Exercise brief: Your task is to print the listing exactly as it stands.

Data below:
──────────────────────────────

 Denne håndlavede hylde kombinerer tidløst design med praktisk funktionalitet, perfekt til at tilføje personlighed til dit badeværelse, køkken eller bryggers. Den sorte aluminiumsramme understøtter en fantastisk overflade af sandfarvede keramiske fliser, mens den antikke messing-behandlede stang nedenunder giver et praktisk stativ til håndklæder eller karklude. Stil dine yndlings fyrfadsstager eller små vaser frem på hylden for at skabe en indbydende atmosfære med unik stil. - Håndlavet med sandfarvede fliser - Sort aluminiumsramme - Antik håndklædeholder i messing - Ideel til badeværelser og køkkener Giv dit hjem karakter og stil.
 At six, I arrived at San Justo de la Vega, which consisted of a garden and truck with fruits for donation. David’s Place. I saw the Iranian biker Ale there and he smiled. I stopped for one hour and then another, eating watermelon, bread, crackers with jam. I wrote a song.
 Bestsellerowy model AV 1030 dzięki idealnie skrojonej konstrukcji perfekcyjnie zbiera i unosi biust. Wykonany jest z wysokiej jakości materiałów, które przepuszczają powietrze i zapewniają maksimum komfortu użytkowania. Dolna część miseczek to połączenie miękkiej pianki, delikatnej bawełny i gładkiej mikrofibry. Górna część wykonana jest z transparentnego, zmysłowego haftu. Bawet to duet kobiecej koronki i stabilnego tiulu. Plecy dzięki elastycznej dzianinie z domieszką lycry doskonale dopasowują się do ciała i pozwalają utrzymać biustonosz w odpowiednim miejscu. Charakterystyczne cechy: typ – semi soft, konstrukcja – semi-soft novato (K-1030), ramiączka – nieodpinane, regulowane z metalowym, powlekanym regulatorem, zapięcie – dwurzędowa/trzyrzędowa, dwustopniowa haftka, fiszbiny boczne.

──────────────────────────────

Solved problem:
 Denne håndlavede hylde kombinerer tidløst design med praktisk funktionalitet, perfekt til at tilføje personlighed til dit badeværelse, køkken eller bryggers. Den sorte aluminiumsramme understøtter en fantastisk overflade af sandfarvede keramiske fliser, mens den antikke messing-behandlede stang nedenunder giver et praktisk stativ til håndklæder eller karklude. Stil dine yndlings fyrfadsstager eller små vaser frem på hylden for at skabe en indbydende atmosfære med unik stil. - Håndlavet med sandfarvede fliser - Sort aluminiumsramme - Antik håndklædeholder i messing - Ideel til badeværelser og køkkener Giv dit hjem karakter og stil.
 At six, I arrived at San Justo de la Vega, which consisted of a garden and truck with fruits for donation. David’s Place. I saw the Iranian biker Ale there and he smiled. I stopped for one hour and then another, eating watermelon, bread, crackers with jam. I wrote a song.
 Bestsellerowy model AV 1030 dzięki idealnie skrojonej konstrukcji perfekcyjnie zbiera i unosi biust. Wykonany jest z wysokiej jakości materiałów, które przepuszczają powietrze i zapewniają maksimum komfortu użytkowania. Dolna część miseczek to połączenie miękkiej pianki, delikatnej bawełny i gładkiej mikrofibry. Górna część wykonana jest z transparentnego, zmysłowego haftu. Bawet to duet kobiecej koronki i stabilnego tiulu. Plecy dzięki elastycznej dzianinie z domieszką lycry doskonale dopasowują się do ciała i pozwalają utrzymać biustonosz w odpowiednim miejscu. Charakterystyczne cechy: typ – semi soft, konstrukcja – semi-soft novato (K-1030), ramiączka – nieodpinane, regulowane z metalowym, powlekanym regulatorem, zapięcie – dwurzędowa/trzyrzędowa, dwustopniowa haftka, fiszbiny boczne.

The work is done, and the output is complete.